Eosimias centennicus was found in 1995 while doing fieldwork in the Yuanqu Basin of the southern Shanxi Province in China. Among these recovered fossils is the first complete lower dentition of Eosimias, catalogued as IVPP V11000. All anatomical information yielded from these fossils confirms the anthropoid-like traits found in E. sinensis. Biostratigraphic evidence also suggests these fossils are younger than E. sinensis, which is consistent with the anatomy of eosimiids because the dentition of E. centennicus is slightly more derived than that of E. sinensis. This species was also found to be a very tiny primate, with mean estimates of body mass ranging from 91 to 179 g. E. sinesis was originally described on the basis of fragmentary fossils, but with the discovery of E. centennicus and a complete lower dentition, Eosimias can more definitively be described as an early anthropoid.

== Eosimias dawsonae ==

Eosimias dawsonae is the newest of the Eosimias species. It is categorized by the type specimen IVPP V11999, which includes a left dentary fragment and roots of the alveoli. It was collected by Christopher Beard in 1995. Analysis of these remains has led to the conclusion it was the largest of the known species of Eosimias, yielding a body mass ranging from 107 to 276 g. Stratigraphic evidence also shows E. dawsonae is older than E. centennicus.

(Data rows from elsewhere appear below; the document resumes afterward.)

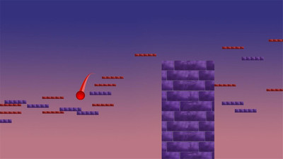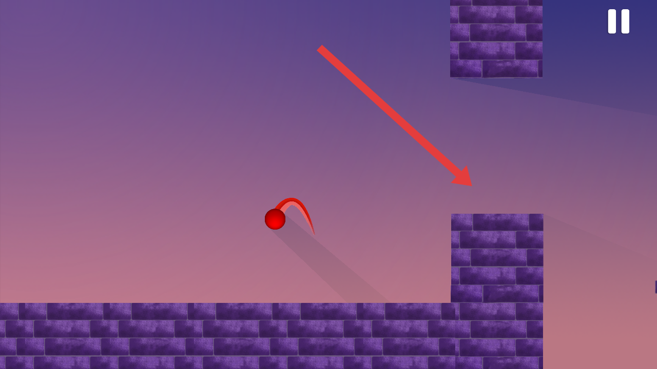 2、在Red Ball Jump 2游戏中点击屏幕,操控红色小球跳跃,跨越紫色砖墙等障碍,积累分数。
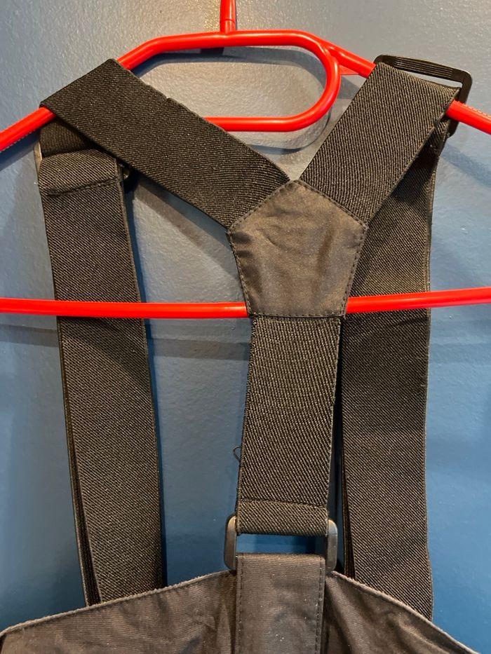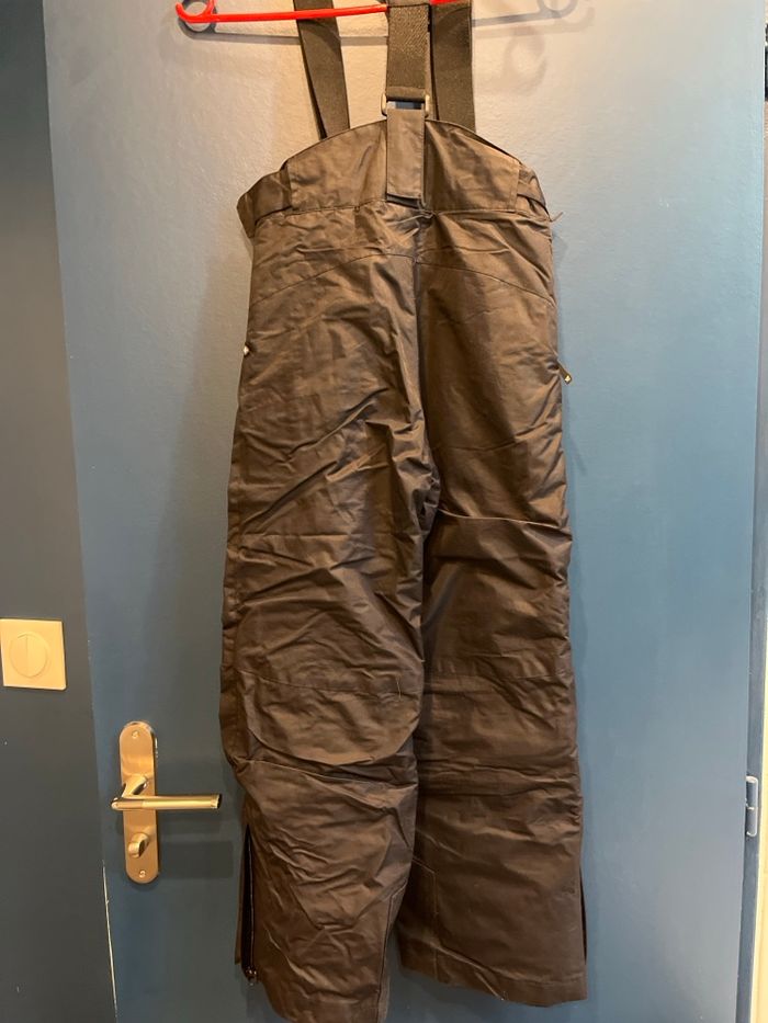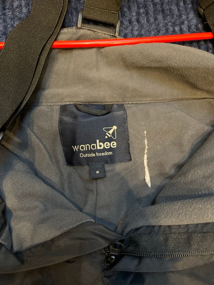 Salopette de ski - WANABEE - 8 ans En bon état Couleur noire 2 poches zippées Réglable à la taille et aux épaules Les bretelles sont légèrement distendues mais se règlent très bien. De même on voit un peu de mousse sur la couture intérieure mais c’est d’origine, pas de déchirures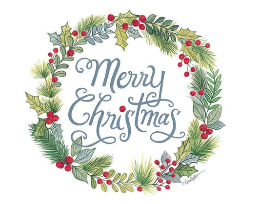 Merry Christmas Wreath White Modern Wood Framed Art Print with Double Matting by Kater, Diane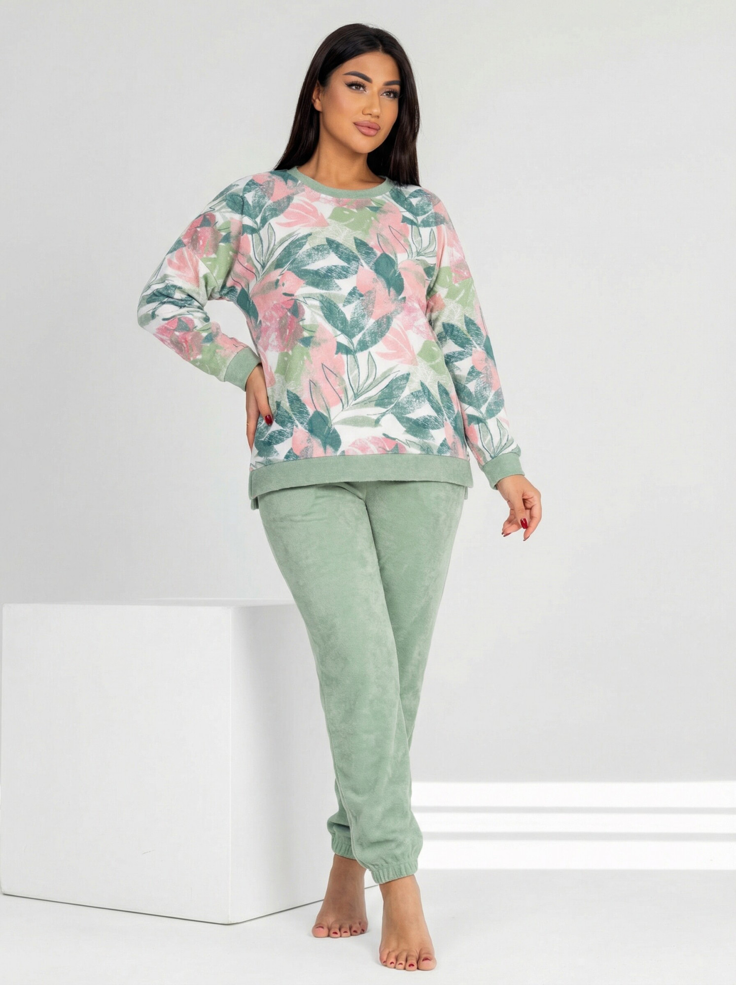 Костюм женский махра с брюками "ЗЕМФИРА" ЗЕЛЕНЬ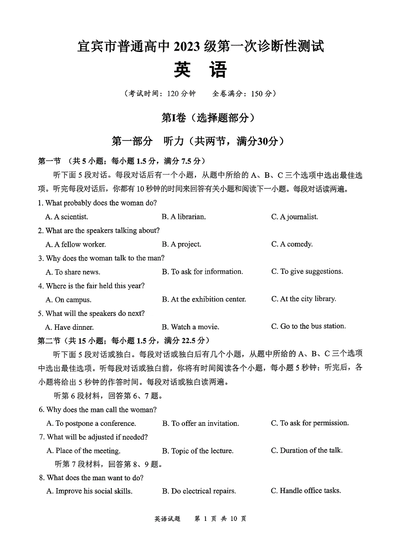 高三英语+答案--四川省宜宾市普通高中2023级(2026届)高三年级第一次诊断性测试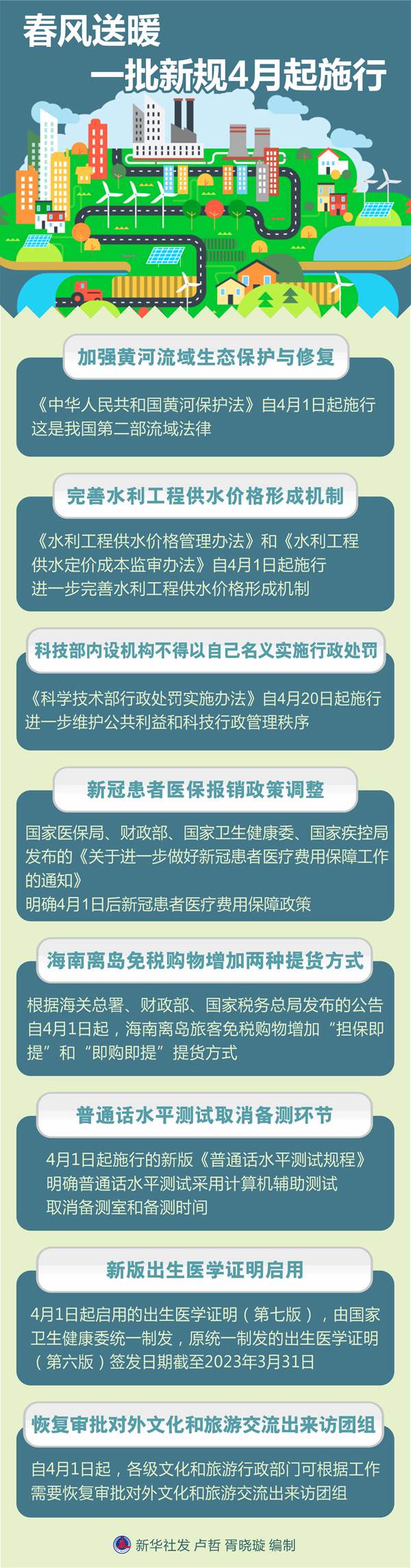 4月,一批新规开始施行,事关国计民生。推进黄河流域生态保护和高质量发展、规范科技领域行政处罚程序、健全激励约束并重的水价监管机制……更完善的法治,守护更安心的生活。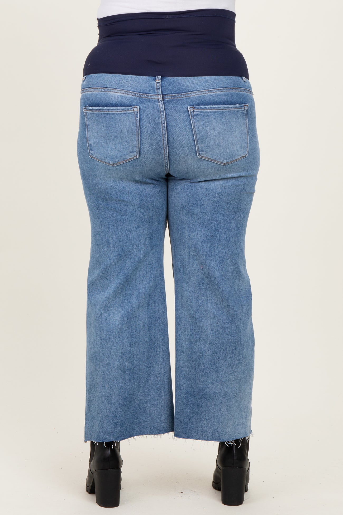 Blue Cut Hem Cropped Wide Leg Maternity Jeans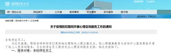 为应对疫情,帮助老师和同学们更好地处理相关心理应激反应,为全校师生员工提供专业心理咨询服务支持,校心理健康教育与咨询中心在第一时间紧急筹备开通了线上心理咨询服务。线上心理咨询服务主要采用QQ线上预约咨询服务方式,在每天的上午8:30—12:00,下午14:00—17:30提供服务,紧急情况下可直接通过QQ语音呼叫联系工作人员,不受工作时间和预约限制。同时也为师生公布了市级和区级精神卫生中心24小时免费心理援助热线。自线上心理咨询服务开社至今,线上心理咨询服务为部分同学提供了及时、专业的心理服务。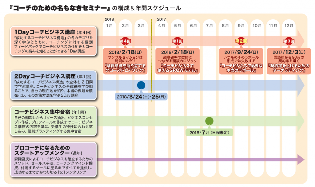 | コーチビジネス集中合宿 | 自己の棚卸し・リソース抽出を基に、受講生の特性に合わせ個別ブランディングし、ビジネスコンセプト作成、顧客獲得戦略の策定、行動計画やプロフィールへの落とし込みまでを行う集中合宿 |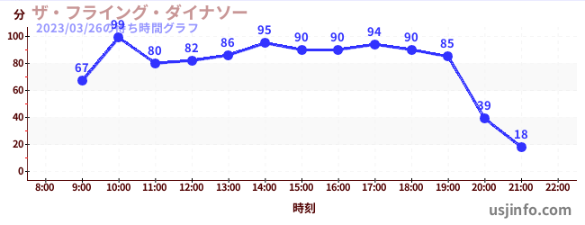 • ザ・フライング・ダイナソー$B$N(B2023年03月26日の待ち時間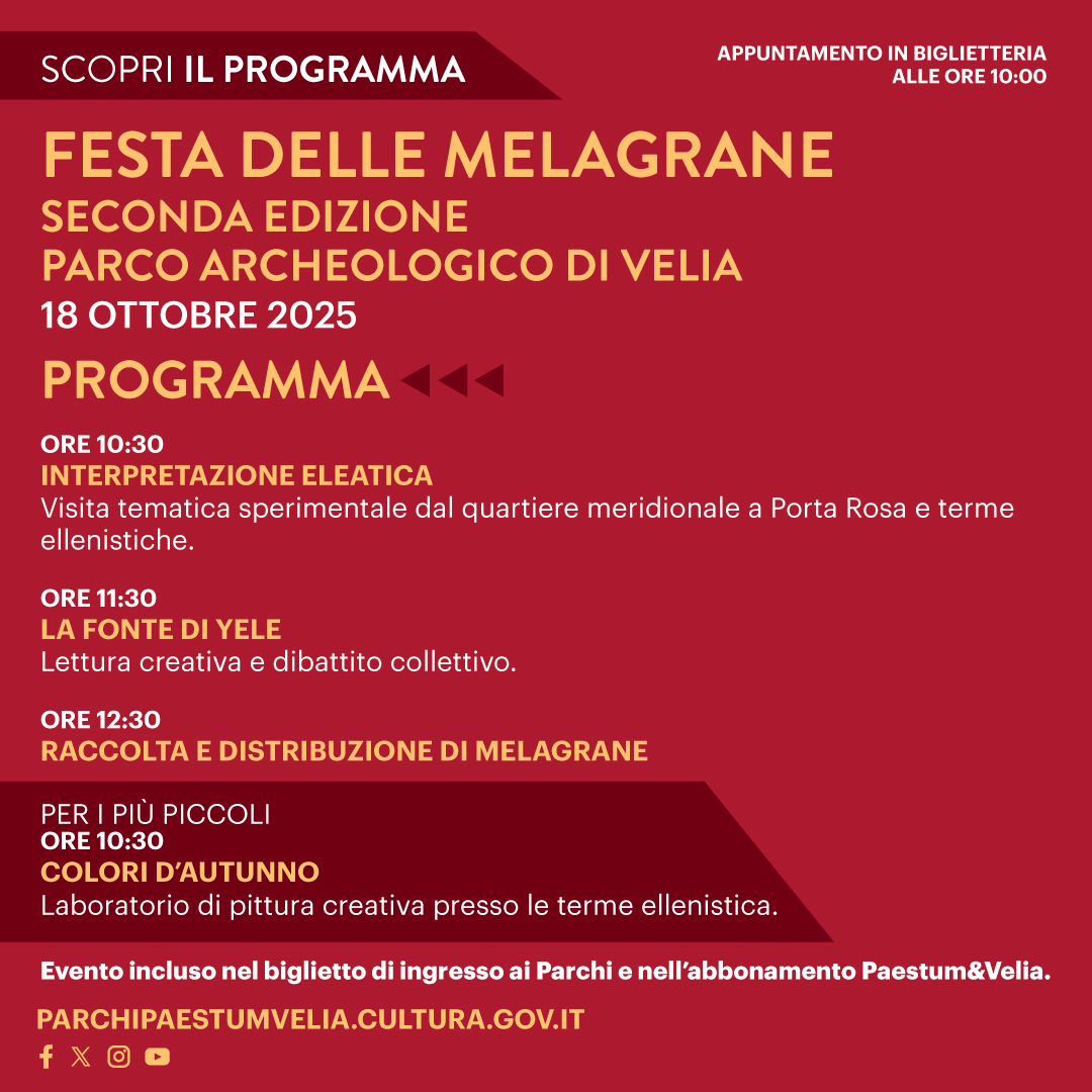 Sabato 18 ottobre, il Parco archeologico di Velia si tinge dei colori e dei profumi dell’autunno con la seconda edizione della Festa della Melagrana, una giornata che unisce cultura, natura e gusto.

== Unidentified fossils ==

Additionally, an expedition team discovered evidence of a new, small eosimiid from Myanmar in 1999. The new specimen, represented by a right heel bone cataloged as NMMP 23, was found in wash residue in the Pondaung Formation. This specimen is very morphologically similar to the Eosimias discovered in the Shanghuang region of China. The best estimate for NMMP 23 includes an overall mean weight of about 111 grams, which places it in the upper-sized end of Eosimias fossils discovered. The presence of eosimiid in Myanmar, as well as a high species diversity found in China leads to an apparent conclusion that they had a relatively wide distribution.

=== Eosimias paukkaungensis ===

A new species of eosimiid primate, Eosimias paukkaungensis, from the latest middle Eocene of Pondaung, central Myanmar, was discovered in the early 2000s. The specimen consists of left and right mandibular fragments preserving only the M3, so that its generic status is provisional. The E. paukkaungensis fossil is much larger than homologues of the two Eosimias species from China.